## WHAT IS NEEDED:
Repeat every entry word for word; omit all pictures.
● ● ●
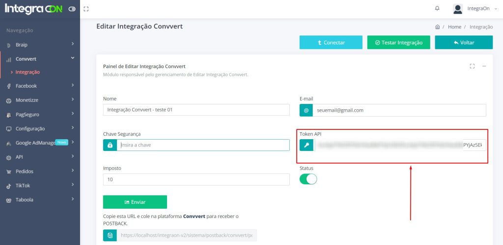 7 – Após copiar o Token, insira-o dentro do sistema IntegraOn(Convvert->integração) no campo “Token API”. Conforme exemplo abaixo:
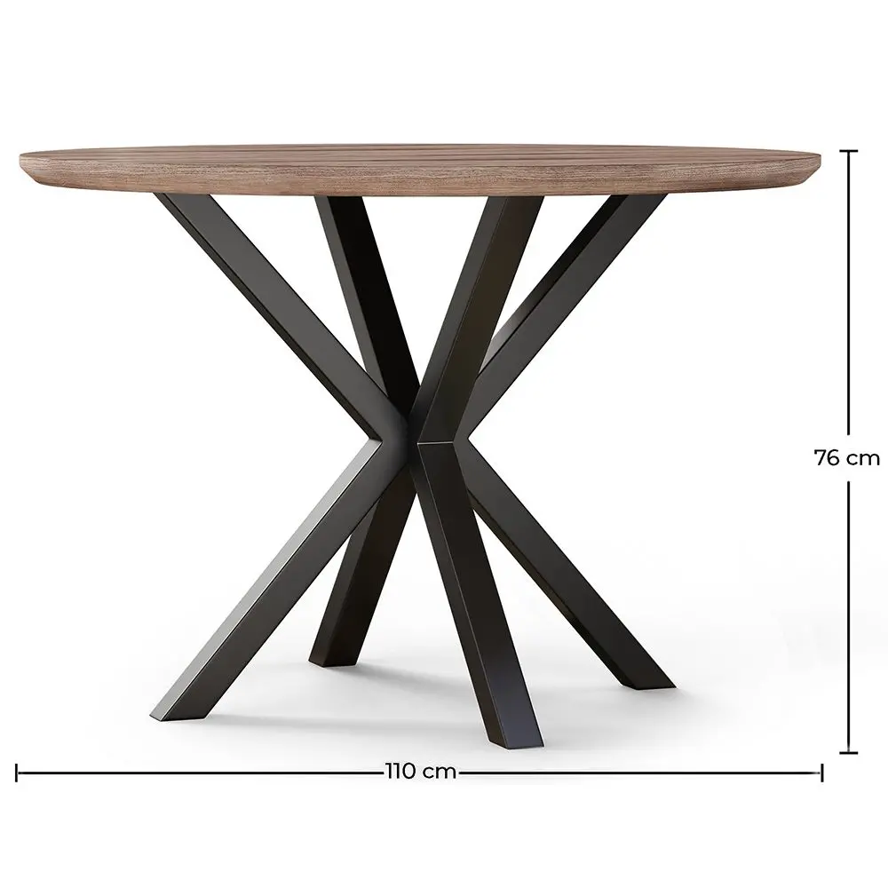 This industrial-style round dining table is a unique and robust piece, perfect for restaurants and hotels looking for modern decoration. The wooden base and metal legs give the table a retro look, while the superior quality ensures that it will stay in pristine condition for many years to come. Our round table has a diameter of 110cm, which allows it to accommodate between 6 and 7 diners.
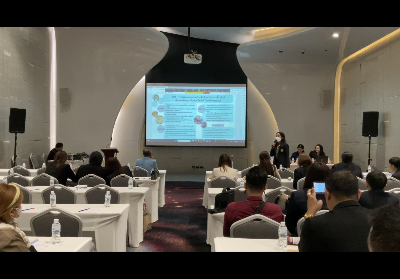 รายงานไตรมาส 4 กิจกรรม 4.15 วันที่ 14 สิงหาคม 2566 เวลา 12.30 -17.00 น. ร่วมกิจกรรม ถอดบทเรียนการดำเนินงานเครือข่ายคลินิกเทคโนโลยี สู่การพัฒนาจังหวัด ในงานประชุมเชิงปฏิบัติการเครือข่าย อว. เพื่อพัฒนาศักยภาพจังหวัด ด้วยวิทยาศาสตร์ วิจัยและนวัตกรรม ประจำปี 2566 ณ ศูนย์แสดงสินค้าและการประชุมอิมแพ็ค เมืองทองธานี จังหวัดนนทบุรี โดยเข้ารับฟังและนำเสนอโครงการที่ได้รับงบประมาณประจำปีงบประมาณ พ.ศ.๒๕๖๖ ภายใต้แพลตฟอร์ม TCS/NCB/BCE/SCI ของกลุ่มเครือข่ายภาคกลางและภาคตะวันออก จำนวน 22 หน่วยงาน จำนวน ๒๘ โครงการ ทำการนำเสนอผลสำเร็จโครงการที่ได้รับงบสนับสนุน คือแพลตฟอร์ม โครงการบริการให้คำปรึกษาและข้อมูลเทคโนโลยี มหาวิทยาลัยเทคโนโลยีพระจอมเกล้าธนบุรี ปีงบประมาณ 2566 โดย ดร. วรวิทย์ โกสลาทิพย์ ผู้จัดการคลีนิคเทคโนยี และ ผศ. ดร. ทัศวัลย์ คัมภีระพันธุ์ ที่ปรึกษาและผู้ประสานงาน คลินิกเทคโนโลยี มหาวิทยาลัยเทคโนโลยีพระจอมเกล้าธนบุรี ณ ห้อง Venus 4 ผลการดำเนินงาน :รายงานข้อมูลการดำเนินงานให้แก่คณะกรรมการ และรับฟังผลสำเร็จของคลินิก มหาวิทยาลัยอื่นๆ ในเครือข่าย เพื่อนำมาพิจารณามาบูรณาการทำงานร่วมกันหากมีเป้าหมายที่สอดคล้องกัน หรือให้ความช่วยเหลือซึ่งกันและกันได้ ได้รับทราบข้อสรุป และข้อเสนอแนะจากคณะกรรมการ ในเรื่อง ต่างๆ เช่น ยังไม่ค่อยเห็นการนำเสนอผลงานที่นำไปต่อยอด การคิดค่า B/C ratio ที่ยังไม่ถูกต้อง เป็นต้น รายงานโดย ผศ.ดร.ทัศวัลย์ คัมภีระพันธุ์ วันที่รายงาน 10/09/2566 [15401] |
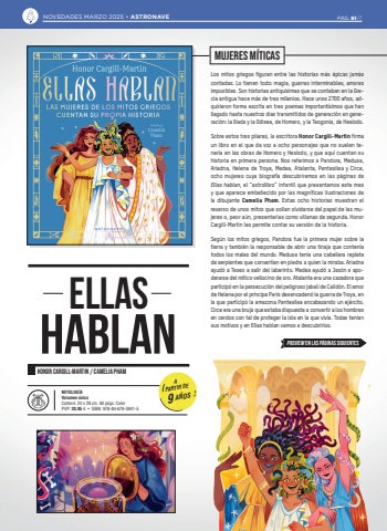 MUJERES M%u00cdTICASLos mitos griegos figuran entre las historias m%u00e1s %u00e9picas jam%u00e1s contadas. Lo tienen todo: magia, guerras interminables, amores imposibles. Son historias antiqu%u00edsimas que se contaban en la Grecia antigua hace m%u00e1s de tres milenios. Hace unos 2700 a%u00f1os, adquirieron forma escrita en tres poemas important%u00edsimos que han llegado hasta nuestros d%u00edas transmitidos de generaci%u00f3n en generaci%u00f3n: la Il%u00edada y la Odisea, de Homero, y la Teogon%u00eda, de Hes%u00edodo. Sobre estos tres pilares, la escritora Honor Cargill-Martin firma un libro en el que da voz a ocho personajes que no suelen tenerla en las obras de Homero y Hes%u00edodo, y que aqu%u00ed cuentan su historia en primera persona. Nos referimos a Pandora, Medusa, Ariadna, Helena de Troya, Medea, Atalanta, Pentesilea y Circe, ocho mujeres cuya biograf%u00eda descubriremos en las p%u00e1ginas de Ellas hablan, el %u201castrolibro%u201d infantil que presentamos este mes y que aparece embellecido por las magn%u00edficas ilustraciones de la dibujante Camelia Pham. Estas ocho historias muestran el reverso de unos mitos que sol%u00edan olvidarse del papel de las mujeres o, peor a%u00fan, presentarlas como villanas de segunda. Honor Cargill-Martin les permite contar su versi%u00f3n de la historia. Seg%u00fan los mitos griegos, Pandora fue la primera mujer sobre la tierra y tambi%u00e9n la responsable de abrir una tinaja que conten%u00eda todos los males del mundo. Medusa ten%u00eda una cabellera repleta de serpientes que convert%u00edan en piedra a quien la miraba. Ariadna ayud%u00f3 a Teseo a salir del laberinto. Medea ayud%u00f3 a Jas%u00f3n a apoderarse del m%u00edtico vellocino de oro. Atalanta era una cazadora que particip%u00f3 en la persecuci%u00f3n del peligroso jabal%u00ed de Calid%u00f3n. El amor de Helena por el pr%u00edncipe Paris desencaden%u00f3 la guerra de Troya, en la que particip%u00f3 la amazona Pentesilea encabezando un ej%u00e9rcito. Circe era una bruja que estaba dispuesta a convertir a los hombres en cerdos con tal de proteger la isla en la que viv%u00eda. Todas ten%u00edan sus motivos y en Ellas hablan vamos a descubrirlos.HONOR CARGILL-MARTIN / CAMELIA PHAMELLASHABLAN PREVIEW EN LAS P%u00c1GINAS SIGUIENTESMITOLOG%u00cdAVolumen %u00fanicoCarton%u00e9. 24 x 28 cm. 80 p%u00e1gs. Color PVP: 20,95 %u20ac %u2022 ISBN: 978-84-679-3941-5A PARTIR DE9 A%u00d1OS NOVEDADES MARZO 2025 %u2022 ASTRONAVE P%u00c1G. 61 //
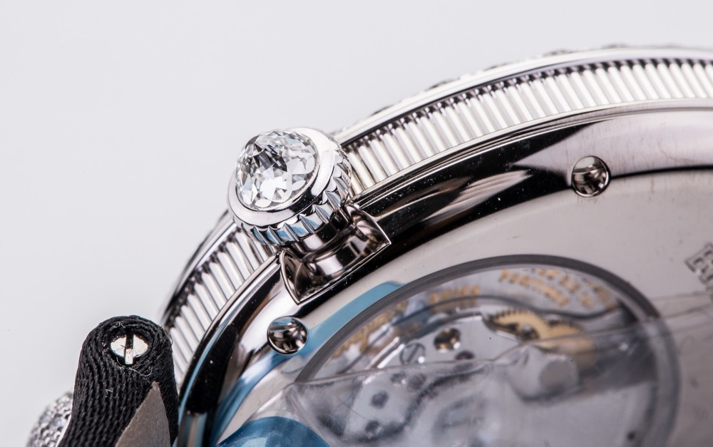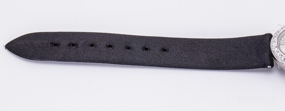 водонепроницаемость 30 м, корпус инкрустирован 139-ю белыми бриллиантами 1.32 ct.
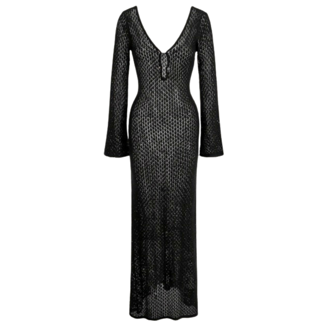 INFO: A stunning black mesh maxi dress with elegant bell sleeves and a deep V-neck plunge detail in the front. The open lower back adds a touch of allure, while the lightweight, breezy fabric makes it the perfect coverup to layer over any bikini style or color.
● ● ●
## RESPONSE BOX:
 7 – Após copiar o Token, insira-o dentro do sistema IntegraOn(Convvert->integração) no campo “Token API”. Conforme exemplo abaixo:
 This industrial-style round dining table is a unique and robust piece, perfect for restaurants and hotels looking for modern decoration. The wooden base and metal legs give the table a retro look, while the superior quality ensures that it will stay in pristine condition for many years to come. Our round table has a diameter of 110cm, which allows it to accommodate between 6 and 7 diners.
 รายงานไตรมาส 4 กิจกรรม 4.15 วันที่ 14 สิงหาคม 2566 เวลา 12.30 -17.00 น. ร่วมกิจกรรม ถอดบทเรียนการดำเนินงานเครือข่ายคลินิกเทคโนโลยี สู่การพัฒนาจังหวัด ในงานประชุมเชิงปฏิบัติการเครือข่าย อว. เพื่อพัฒนาศักยภาพจังหวัด ด้วยวิทยาศาสตร์ วิจัยและนวัตกรรม ประจำปี 2566 ณ ศูนย์แสดงสินค้าและการประชุมอิมแพ็ค เมืองทองธานี จังหวัดนนทบุรี โดยเข้ารับฟังและนำเสนอโครงการที่ได้รับงบประมาณประจำปีงบประมาณ พ.ศ.๒๕๖๖ ภายใต้แพลตฟอร์ม TCS/NCB/BCE/SCI ของกลุ่มเครือข่ายภาคกลางและภาคตะวันออก จำนวน 22 หน่วยงาน จำนวน ๒๘ โครงการ ทำการนำเสนอผลสำเร็จโครงการที่ได้รับงบสนับสนุน คือแพลตฟอร์ม โครงการบริการให้คำปรึกษาและข้อมูลเทคโนโลยี มหาวิทยาลัยเทคโนโลยีพระจอมเกล้าธนบุรี ปีงบประมาณ 2566 โดย ดร. วรวิทย์ โกสลาทิพย์ ผู้จัดการคลีนิคเทคโนยี และ ผศ. ดร. ทัศวัลย์ คัมภีระพันธุ์ ที่ปรึกษาและผู้ประสานงาน คลินิกเทคโนโลยี มหาวิทยาลัยเทคโนโลยีพระจอมเกล้าธนบุรี ณ ห้อง Venus 4 ผลการดำเนินงาน :รายงานข้อมูลการดำเนินงานให้แก่คณะกรรมการ และรับฟังผลสำเร็จของคลินิก มหาวิทยาลัยอื่นๆ ในเครือข่าย เพื่อนำมาพิจารณามาบูรณาการทำงานร่วมกันหากมีเป้าหมายที่สอดคล้องกัน หรือให้ความช่วยเหลือซึ่งกันและกันได้ ได้รับทราบข้อสรุป และข้อเสนอแนะจากคณะกรรมการ ในเรื่อง ต่างๆ เช่น ยังไม่ค่อยเห็นการนำเสนอผลงานที่นำไปต่อยอด การคิดค่า B/C ratio ที่ยังไม่ถูกต้อง เป็นต้น รายงานโดย ผศ.ดร.ทัศวัลย์ คัมภีระพันธุ์ วันที่รายงาน 10/09/2566 [15401] |
 MUJERES M%u00cdTICASLos mitos griegos figuran entre las historias m%u00e1s %u00e9picas jam%u00e1s contadas. Lo tienen todo: magia, guerras interminables, amores imposibles. Son historias antiqu%u00edsimas que se contaban en la Grecia antigua hace m%u00e1s de tres milenios. Hace unos 2700 a%u00f1os, adquirieron forma escrita en tres poemas important%u00edsimos que han llegado hasta nuestros d%u00edas transmitidos de generaci%u00f3n en generaci%u00f3n: la Il%u00edada y la Odisea, de Homero, y la Teogon%u00eda, de Hes%u00edodo. Sobre estos tres pilares, la escritora Honor Cargill-Martin firma un libro en el que da voz a ocho personajes que no suelen tenerla en las obras de Homero y Hes%u00edodo, y que aqu%u00ed cuentan su historia en primera persona. Nos referimos a Pandora, Medusa, Ariadna, Helena de Troya, Medea, Atalanta, Pentesilea y Circe, ocho mujeres cuya biograf%u00eda descubriremos en las p%u00e1ginas de Ellas hablan, el %u201castrolibro%u201d infantil que presentamos este mes y que aparece embellecido por las magn%u00edficas ilustraciones de la dibujante Camelia Pham. Estas ocho historias muestran el reverso de unos mitos que sol%u00edan olvidarse del papel de las mujeres o, peor a%u00fan, presentarlas como villanas de segunda. Honor Cargill-Martin les permite contar su versi%u00f3n de la historia. Seg%u00fan los mitos griegos, Pandora fue la primera mujer sobre la tierra y tambi%u00e9n la responsable de abrir una tinaja que conten%u00eda todos los males del mundo. Medusa ten%u00eda una cabellera repleta de serpientes que convert%u00edan en piedra a quien la miraba. Ariadna ayud%u00f3 a Teseo a salir del laberinto. Medea ayud%u00f3 a Jas%u00f3n a apoderarse del m%u00edtico vellocino de oro. Atalanta era una cazadora que particip%u00f3 en la persecuci%u00f3n del peligroso jabal%u00ed de Calid%u00f3n. El amor de Helena por el pr%u00edncipe Paris desencaden%u00f3 la guerra de Troya, en la que particip%u00f3 la amazona Pentesilea encabezando un ej%u00e9rcito. Circe era una bruja que estaba dispuesta a convertir a los hombres en cerdos con tal de proteger la isla en la que viv%u00eda. Todas ten%u00edan sus motivos y en Ellas hablan vamos a descubrirlos.HONOR CARGILL-MARTIN / CAMELIA PHAMELLASHABLAN PREVIEW EN LAS P%u00c1GINAS SIGUIENTESMITOLOG%u00cdAVolumen %u00fanicoCarton%u00e9. 24 x 28 cm. 80 p%u00e1gs. Color PVP: 20,95 %u20ac %u2022 ISBN: 978-84-679-3941-5A PARTIR DE9 A%u00d1OS NOVEDADES MARZO 2025 %u2022 ASTRONAVE P%u00c1G. 61 //
 водонепроницаемость 30 м, корпус инкрустирован 139-ю белыми бриллиантами 1.32 ct.
 INFO: A stunning black mesh maxi dress with elegant bell sleeves and a deep V-neck plunge detail in the front. The open lower back adds a touch of allure, while the lightweight, breezy fabric makes it the perfect coverup to layer over any bikini style or color.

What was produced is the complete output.